→ **ASSIGNMENT**
Pictures do not belong in the output. Reproduce exactly the lines from the start of the records through the line with "Коробка шляпная из 25 красных роз".

Extracted data entries:
▬▬▬▬▬▬
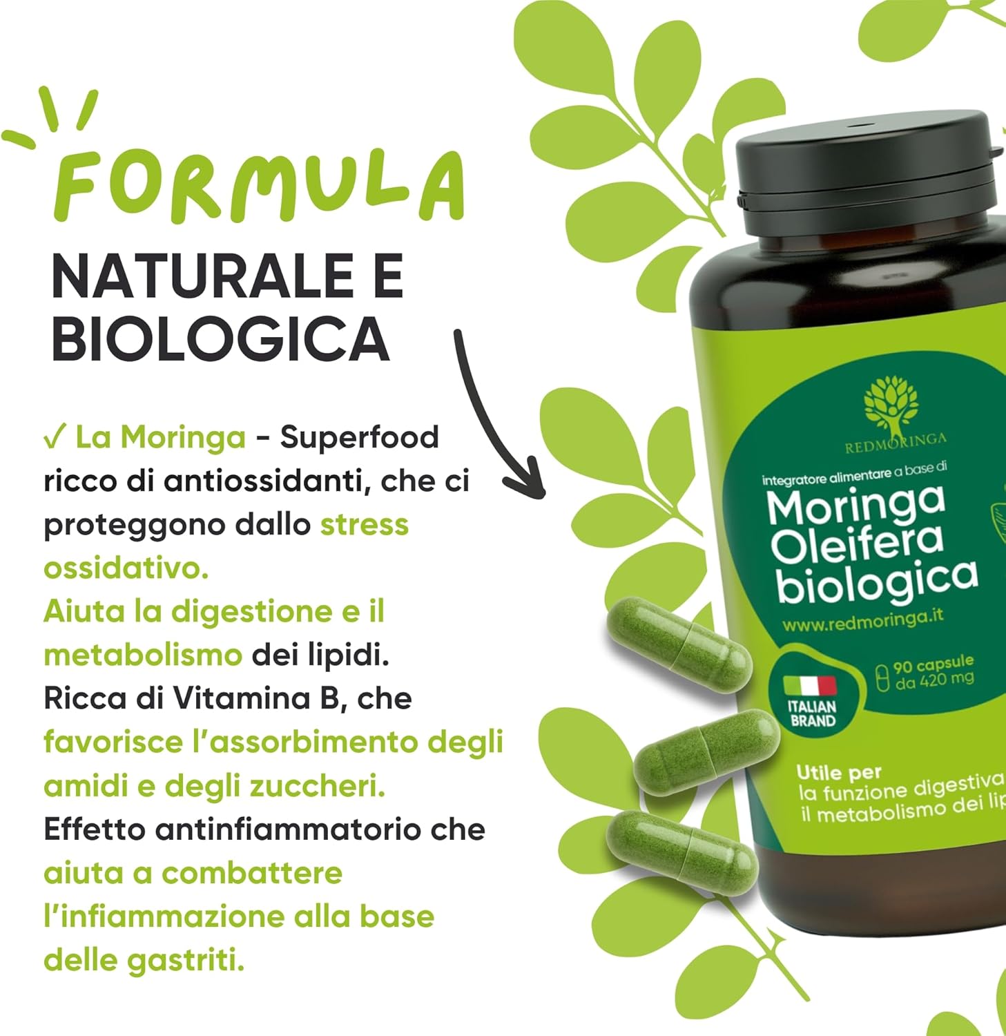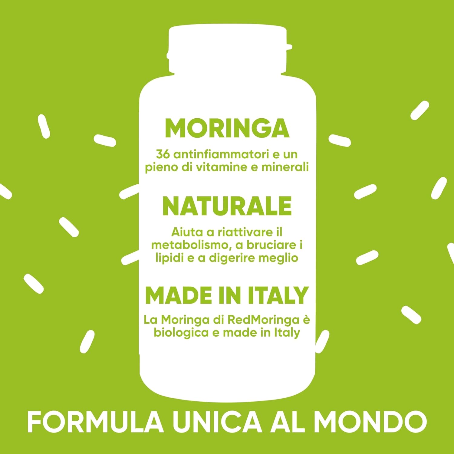 La Moringa è un superfood che contiene 36 agenti antinfiammatori, proteine vegetali, 8 amminoacidi essenziali, Vitamina A e Vitamina C, Vitamine del gruppo B, Calcio, Ferro, Potassio, Magnesio, Fosforo, Sodio, Zinco.
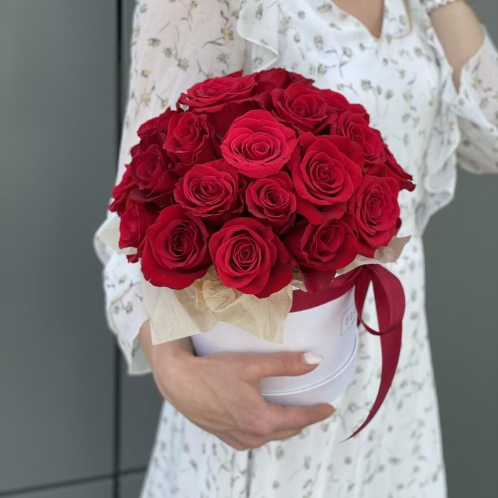 Коробка шляпная из 25 красных роз
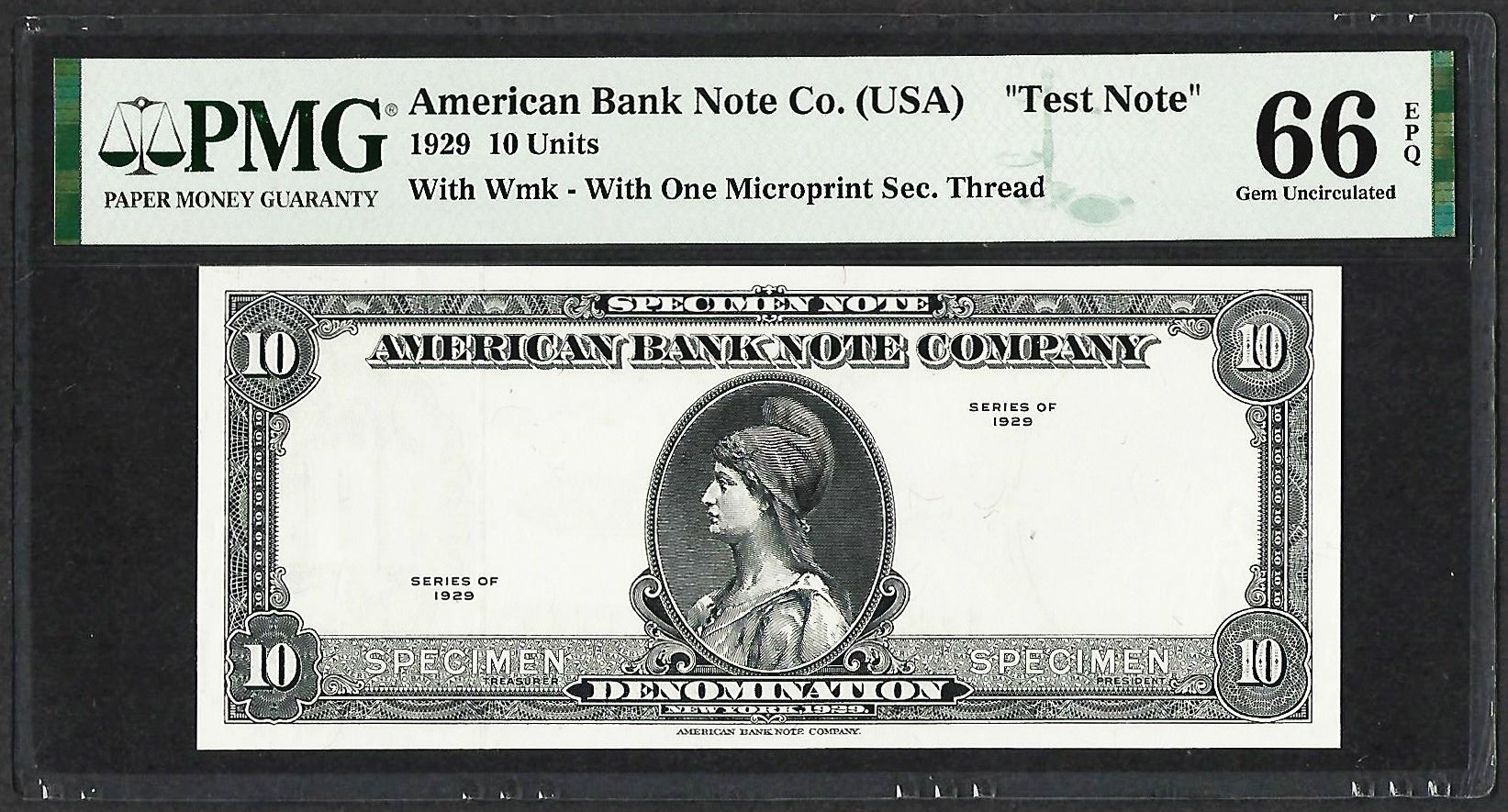 One 1929 10 Unit American Bank Note Co. "Test Note" PMG Gem Uncirculated 66EPQ.
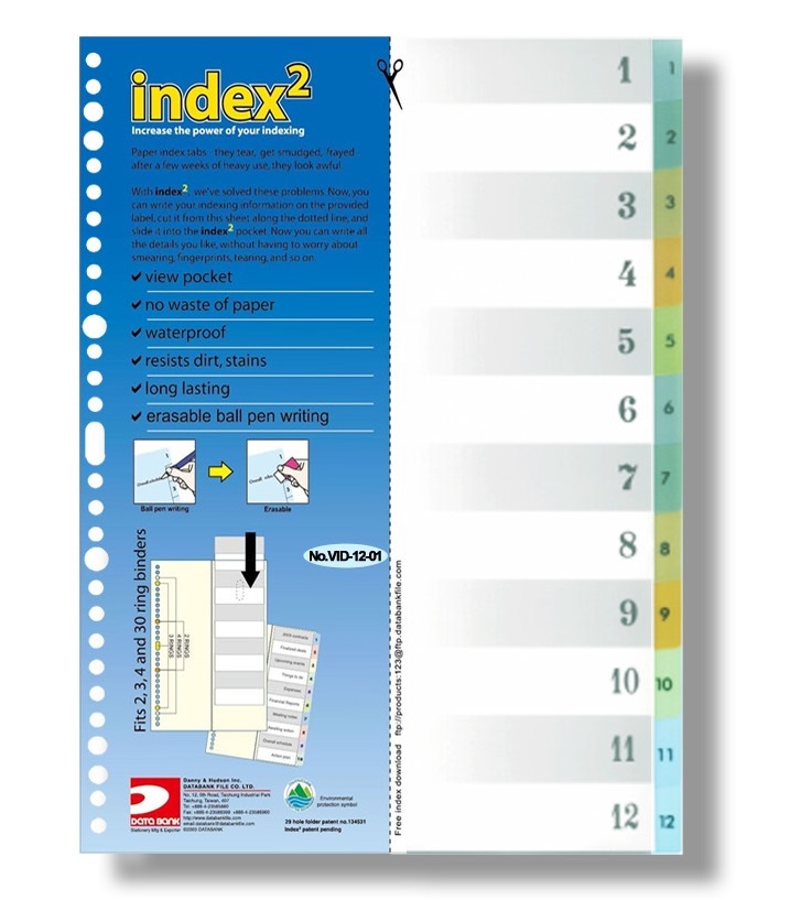 【貨品名稱】DATA BANK VID-12 29孔 彩色透明分類索引 1-12
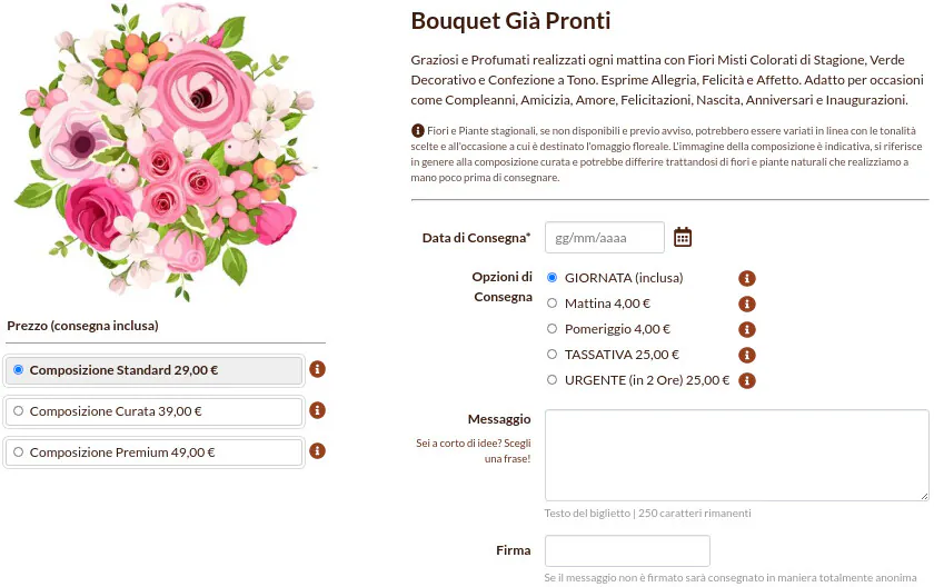 In questa fase è possibile scegliere la data di consegna e la fascia oraria, inoltre è possibile inserire un messaggio da allegare al mazzo di fiori; se sei a corto di idee tanti i messaggi già disponibili per ogni occasione da utilizzare così come sono oppure da modificare secondo la tua esigenza.
▬▬▬▬▬▬
→ **FINISHED TASK**
 La Moringa è un superfood che contiene 36 agenti antinfiammatori, proteine vegetali, 8 amminoacidi essenziali, Vitamina A e Vitamina C, Vitamine del gruppo B, Calcio, Ferro, Potassio, Magnesio, Fosforo, Sodio, Zinco.
 Коробка шляпная из 25 красных роз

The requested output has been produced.